There are so many things that are marketable about Angus cattle, so many positives. We’ve been hung up on some of the negatives lately, but there are so many positives that are marketable. Once you start marketing the positives, of course it helps the breed, but every individual out there today is going to have to do that if he wants to stay in business.

 

Q: What’s your assessment of the short-term and long-term future for Angus?

A: The short-term outlook: Our Number 1 priority is getting on the same page and pulling in the same direction.

Should we do that, the long-term aspect is to increase the value of registered Angus cattle. There’s no limit to the long-term outlook. From a fairy tale perspective, we could be the beef industry. Sometimes that fairy tale aspect is not that far from reality.
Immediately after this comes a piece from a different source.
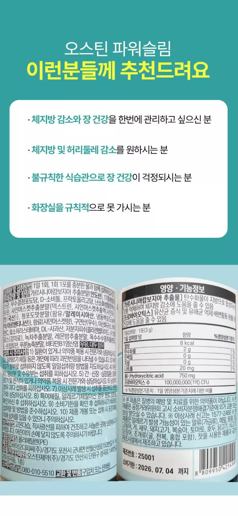 *1일 1회, 1회 1포를 충분한 물과 함께 섭취
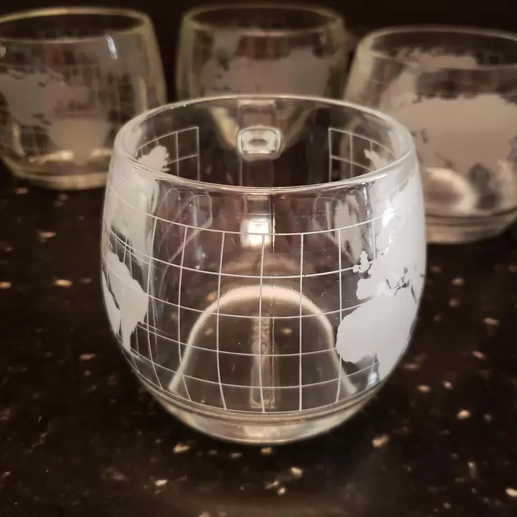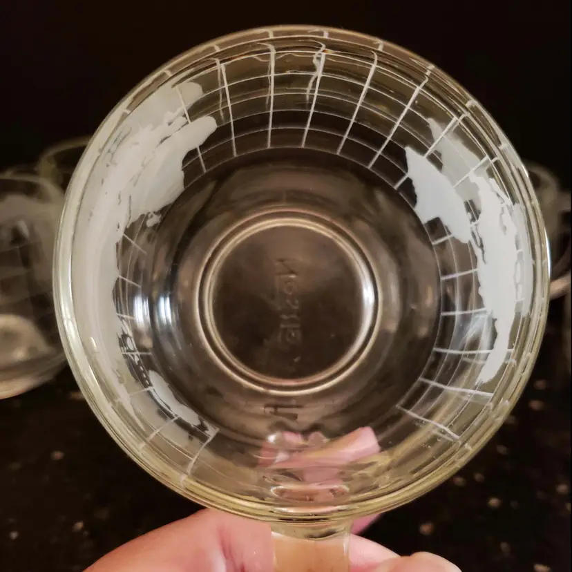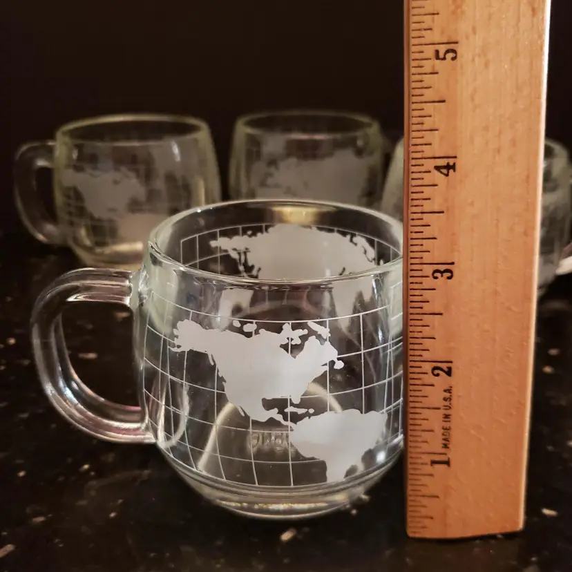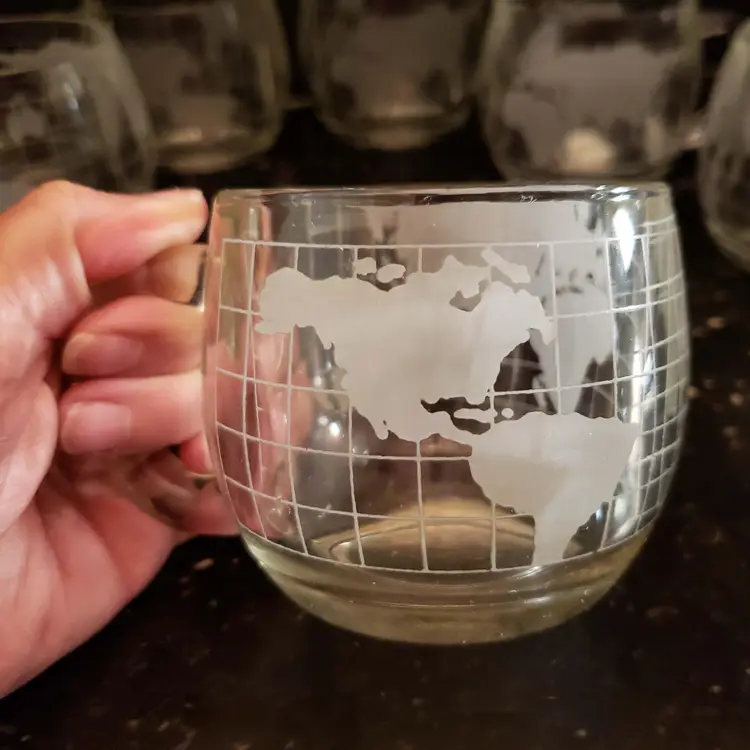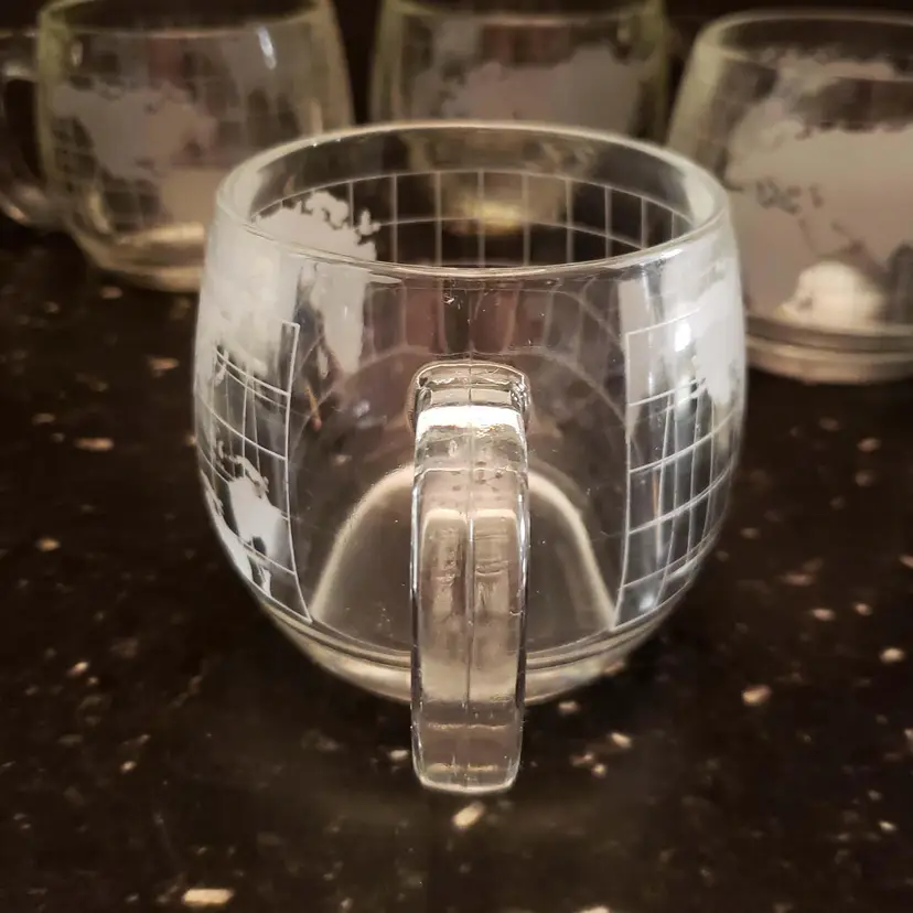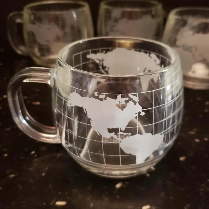 Nestle Nescafe Coffee Cups Mugs World Map Globe Clear Etched Glass Vintage 1970s

Sometimes I think the long-term goals have to be almost unattainable, but you get there by achieving short-term goals. Everyone just has to pull the same direction. Everyone wants to, everyone needs to, and everyone can. If we can do that, the long-term goals are attainable.

 

Q: As President, is there anything else you’d like to add?

A: I sincerely appreciate the support that we have had personally. I said I’d do everything I could to live up to those expectations. In fact, for the people who know me real well, I’ll try to do more than they expect! (laughter)

I really appreciate that support. I really hope we can get behind this idea of the marketability of Angus and doing it together in the same direction. That all comes from open lines of communication and education. The tools are out there for us to communicate, we just need to use them. I’m talking about everyone in the breed. That capability is there. If we can go that direction and pull the same direction, there is no end to where we can go.

And I’m going to do everything I can to make myself as available as possible. The Association has done a good job of keeping open lines of communication regarding where we’re at and what we’re doing, and getting input. The first place to expand that information sharing is to start by leading by example, and I’m going to do that.